Background information
- Born: Avery Anna Rhoton March 2, 2004 (age 22) Flagstaff, Arizona, U.S.
- Genres: Country pop
- Occupation: Singer-songwriter
- Years active: 2021–present
- Label: Warner Music Nashville
- Website: www.averyannamusic.com

TikTok information
- Page: avery.anna.music;
- Followers: 2.1 million

= Avery Anna =

American singer-songwriter

Avery Anna Rhoton (born March 2, 2004) is an American singer-songwriter from Flagstaff, Arizona. Her music blends elements of country, rock, and acoustic pop music, and is described as confessional. She is signed to Warner Music Nashville and her talent manager is David Fanning.

She has released two albums: Breakup Over Breakfast (2024) and Let Go Letters (2025). Anna co-wrote and was featured on the song "Indigo" (2024) by Sam Barber, which reached number 8 on the Hot Country Songs chart, number 40 on the Billboard Hot 100, number 33 on the UK singles chart, and charted in several other European countries. She is featured on the song "Dusty Bibles" with Josiah Queen, which peaked at number 3 on the Hot Christian Songs list.

==Biography==
Avery Anna Rhoton grew up in Flagstaff, Arizona. When she was 8 years old, after she was baptized, she received a journal as a gift, which later became the inspiration for her songs. She started singing in church as a little girl; her mother told her it was to help people get closer to God. She wrote her first song around the fifth grade and soon taught herself to play guitar.
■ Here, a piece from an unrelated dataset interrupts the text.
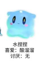 水捏捏喜欢吃酸溜溜的零食,可以增加30点亲密度。(吃不喜欢也不讨厌的零食增加20点亲密度)
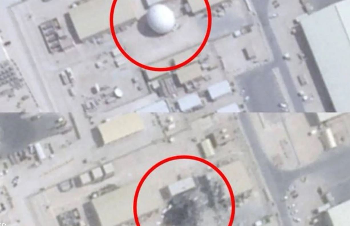 وأظهرت الصور الملتقطة بتاريخ 23 حزيران وجود قبة مثلثية في القاعدة تُستخدم لتأمين معدات الاتصالات الأميركية، قبل أن تختفي في صور لاحقة التقطت في 25 حزيران، والتي كشفت أيضًا عن أضرار واضحة في مبنى مجاور، في حين بدت معظم أجزاء القاعدة دون تأثير يُذكر.

She also sang country songs by Johnny Cash, Willie Nelson, and Merle Haggard with her grandfather, who played guitar.

During the COVID-19 pandemic, she posted her cover version of "Say Something" by Christina Aguilera on TikTok, which became a viral video. She sang in her bathtub because of the good acoustics.

The video gained the attention of Matt Thomas of Parmalee, who forwarded it to David Fanning. Fanning contacted Anna via Instagram and signed her to a talent manager and song production agreement. Along with Andy Sheridan and Ben Williams, Fanning wrote the song "Narcissist", inspired by Anna's journal entries, which she recorded. It was performed by Kelly Clarkson on The Kelly Clarkson Show.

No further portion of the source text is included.